An inspiring message from a two time cancer survivor
Dr. Reynold’s book cover - book available on Amazon

A video version of this interview is available on YouTube.


There’s something profound that happens when you sit down with someone who has stared down death twice and emerged not just alive, but thriving. My recent conversation with Dr. Jeffrey Reynolds on The John Passadino Show wasn’t just another interview about overcoming adversity. It was a masterclass in what it means to truly live, even when everything inside you is screaming to give up.

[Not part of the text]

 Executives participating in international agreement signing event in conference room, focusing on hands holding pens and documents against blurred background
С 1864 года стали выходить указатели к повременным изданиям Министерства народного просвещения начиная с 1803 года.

Dr. Reynolds is the President and CEO of Family and Children’s Association in New York, but his story goes far beyond the impressive credentials. He’s completed five New York City marathons, four Long Island marathons, 30 triathlons, and seven Ironman races. And somewhere between mile markers and finish lines, he was diagnosed with cancer. Twice.

The Unexpected Journey from Barstool to Marathon

The way Jeff tells it, his running career began in the most unlikely place: a bar in Tampa at 2 a.m. during a professional conference. Someone suggested a 5K race that morning. Jeff, in his mid-40s and admittedly not an athlete (he was kicked off the track team in ninth grade for getting other kids to smoke), showed up wearing shorts and shoes that were definitely not made for running.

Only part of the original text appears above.